Tag Archive for: CEO Elon Musk

Liberal Pollster Warns Lefty Activist Group to Focus on Hill GOP and Gov’t Corruption, Not Trump and Musk

Liberal activists should focus their attacks on congressional Republicans and perceptions of widespread corruption in government instead of the policies and actions of President Donald Trump and billionaire entrepreneur Elon Musk, according to a Democratic political research firm.

The firm analyzed responses from participants in four focus groups consisting of swing voters and those who are not strongly committed to either of the major political parties. The analysis suggests the intense focus of Democrats in Congress and the mainstream media on Trump and Musk is at least somewhat out of step with the most important group of voters, especially in midterm elections.

“For these swing participants, their views on Trump and Elon are complicated and still forming. Trump retains some inoculation on corruption issues. His longstanding ‘drain the swamp’ rhetoric combined with the way he’s messaging DOGE through the framework of ridding waste and corruption gives him some credibility,” Impact Research (IR) said in a memo first made public by a liberal activist group, End Citizens United.

End Citizens United frequently commissions IR for political polling and data analysis. The firm boasts on its website that “we’ve flipped more Republican-held congressional seats over the past ten years than any other polling firm in the country.”

“Likewise, while participants had real concerns about Elon’s role, they were ill-formed, and they saw some positives from his cuts. They are not positive towards either person, but candidates should note that only utilizing corruption framing against Trump and Musk will present some barriers,” the IR memo continued.

Instead of the chief executive and the man leading the Department of Government Efficiency (DOGE) in the deepest-ever government-wide anti-corruption investigation, liberal activists should, according to IR, aim their energies at Capitol Hill Republicans, who have a razor-thin House majority and only a modest edge in the Senate.

“However, members of Congress are ripe targets for corruption messaging — voters view all (nameless) politicians as corrupt, focused on self-enrichment and gaining power. They attach a lot of the problems facing the country to these ills, and while they are not necessarily able to articulate specific examples of corruption, they are certain that corruption is rampant in Washington,” the memo said.

Significantly, the IR analysis says voters view Democrats and Republicans on equal terms on the corruption issue, even though traditionally GOPers devote much more time and political capital to condemning waste, fraud, and abuse than do Democrats, who in the past, while ignoring such concerns, have put far more emphasis on the alleged benefits of big federal spending programs.

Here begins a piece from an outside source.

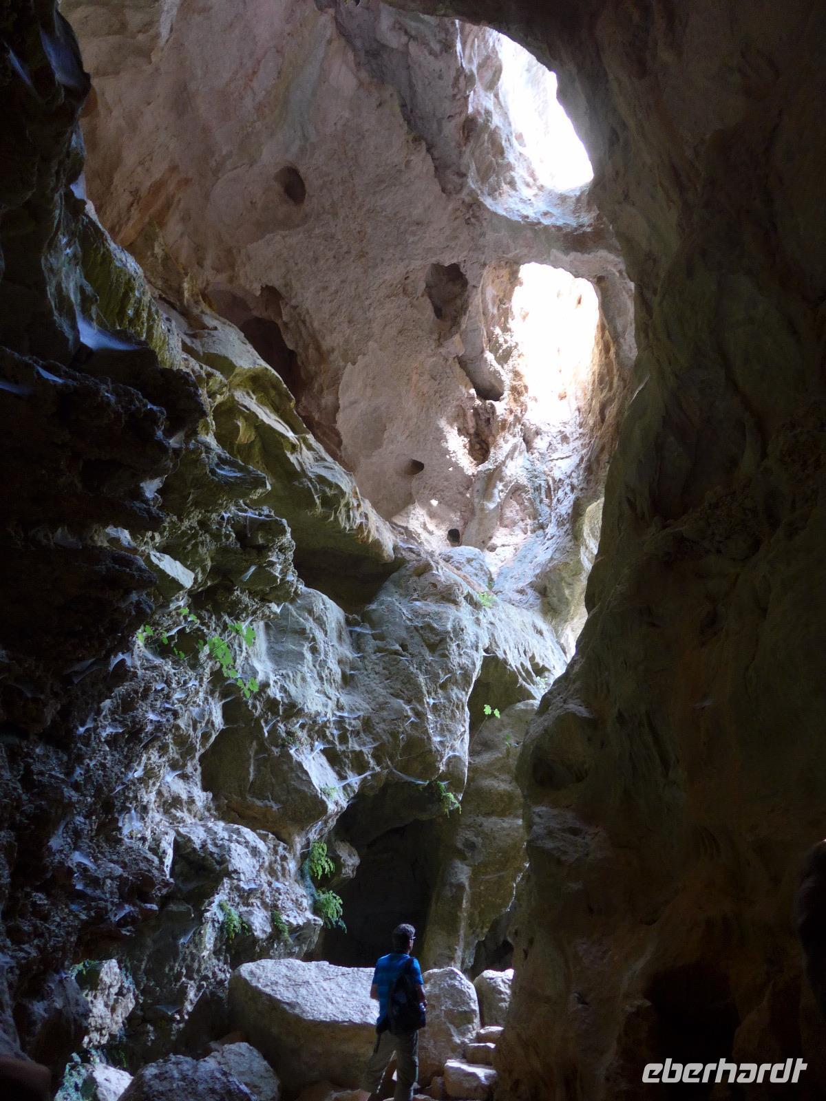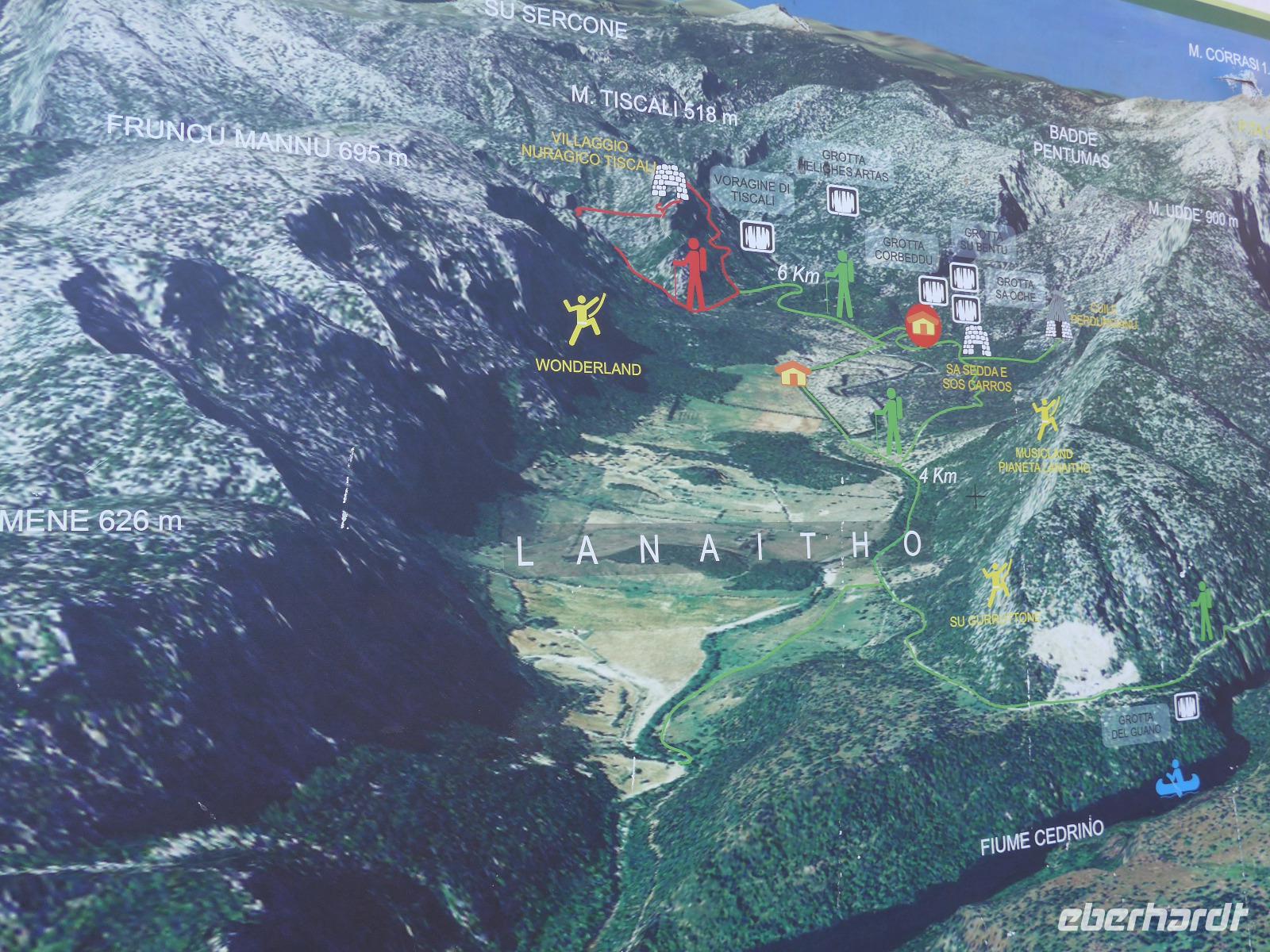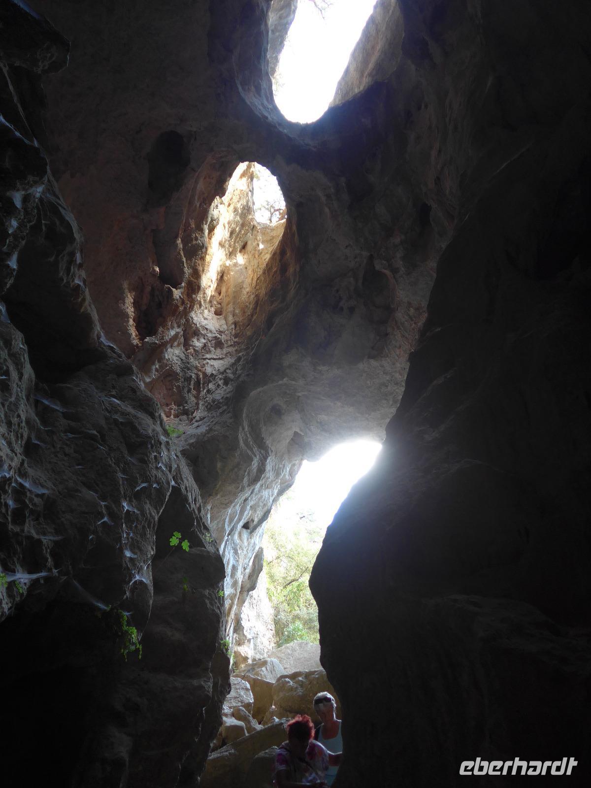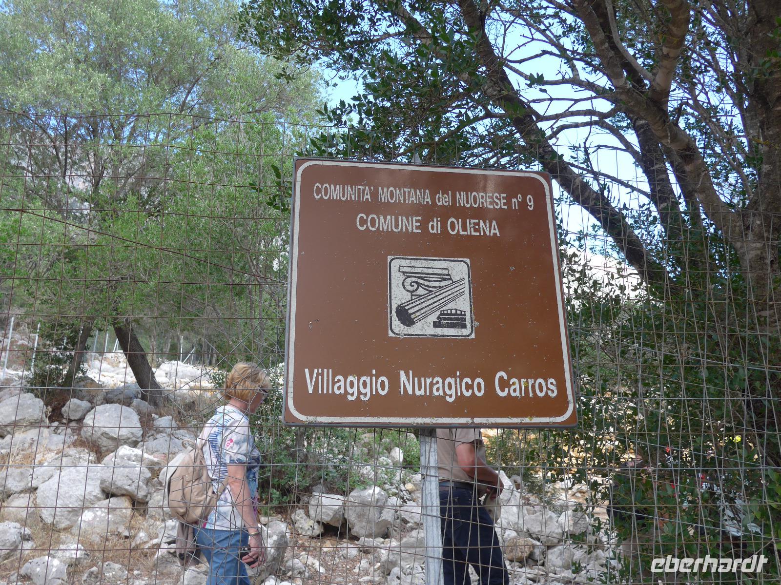 Nach dem Frühstück erwartete uns schon Robin, ein Wanderführer und unser Reriseleiter für das Lanaittu Tal. Auf der Schnellstrasse fuhren wir nach Süden und machten eine Kaffeepause an einer Raststätte bei der Abfahrt. Am Beginn der Lanaittu Tals standen dann 3 Jeeps bereit und wir stiegen um. Auf aussichtsreicher Strasse fuhren wir weit in das Teil hinein und hielten am Besucherzentrum. Von da gingen wir zu Fuß hinauf zum Nuraghendorf Soss Carros, das vor ca. 3500 Jahren entstand. Der Platz wurde bewußt gewählt im Schutz der hohen Felsen und unweit einer Wasserquelle. Robin machte mit uns eine beeindruckende Führung und wies uns auf die wichtigen Details hin. Sogar unser Fahrer Gigi war mit uns hinauf gegangen. Danach besuchten wir die Grotte Sa Oche und wir stiegen hinunter in das Felslabyrint. 1 bis 2 mal im Jahr füllt sich die Grotte bei starkem Regen mit Wasser soweit, das das Wasser sogar durch den hoch gelegenen Eingangsbereich herausfließt. Das muß sehr beeindruckend sein und man kann dieses "Schauspiel" auch nur aus sicherer Entfernung beobachten. Am Besucherzentrum gab es Kaffee und Toiletten und dann fuhren wir zur Mittagspause.
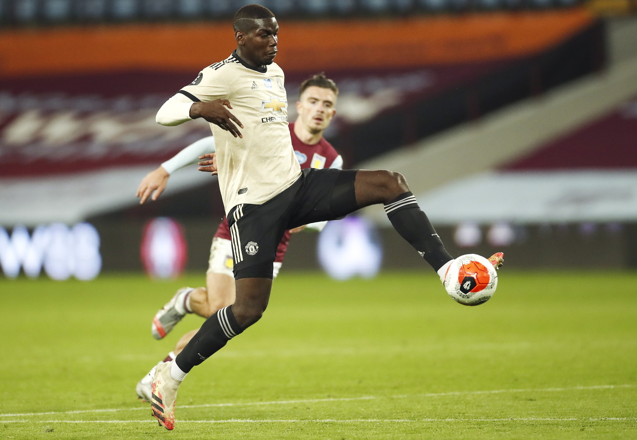 Paul Pogba of Manchester United in action during the English Premier League match between Aston Villa and Manchester United, on July 10, 2020.

“Participants view Washington’s culture as the corrupting influence — it is a disease that infects both parties equally. Even as Republicans have taken control of Washington, participants are no more likely to fault them for it than Democrats who they see as weak, ineffective, and self-interested,” the IR analysis stated.

In addition, the IR analysis pointed to the increasing irrelevance of critiques of Trump and Musk as threats to democracy.

“In past cycles, ‘threats to democracy’ was a motivator for the base and persuasive to swing voters. While all participants agreed that our democracy is under threat, there was much less clarity about what that means than in the past. Participants struggled to define what a threat to democracy is,” the analysis explained.

By contrast, the corruption issue, according to the analysis, “is both a salient issue and universally defined as politicians looking out for their own interests and against the interest[s] of the people. We should push hard on taking on corruption and should be mindful that just talking about democracy broadly without specific definition does not have the same intuitive meaning for voters.”

FRC Action Director Matt Carpenter told The Washington Stand the focus group results are no surprise, given recent history, particularly with regard to former Speaker of the House Nancy Pelosi (D-Calif.).

“There’s a reason why the Senate’s anti-insider trading bill is called the PELOSI Act — she’s the poster child of congressional insider trading and one of the most prominent congressional Democrats,” Carpenter said. He further noted that “there is no doubt the American public is cynical about the work of Congress. Many of their concerns about politicians using their influence to enrich themselves is, unfortunately, justified. This is fuel for the populist sentiment that has propelled Donald Trump to the presidency twice.”

Carpenter is skeptical that Democrats heeding the IR memo will enjoy complete success. He contends that “left-wing groups will have difficulty making the case to voters that it’s only Republicans who trade on insider information or otherwise use their positions to gain wealth for themselves.”

AUTHOR

Mark Tapscott

Mark Tapscott is senior congressional analyst at The Washington Stand.

EDITORS NOTE: This Washington Stand column is republished with permission. All rights reserved. ©2025 Family Research Council.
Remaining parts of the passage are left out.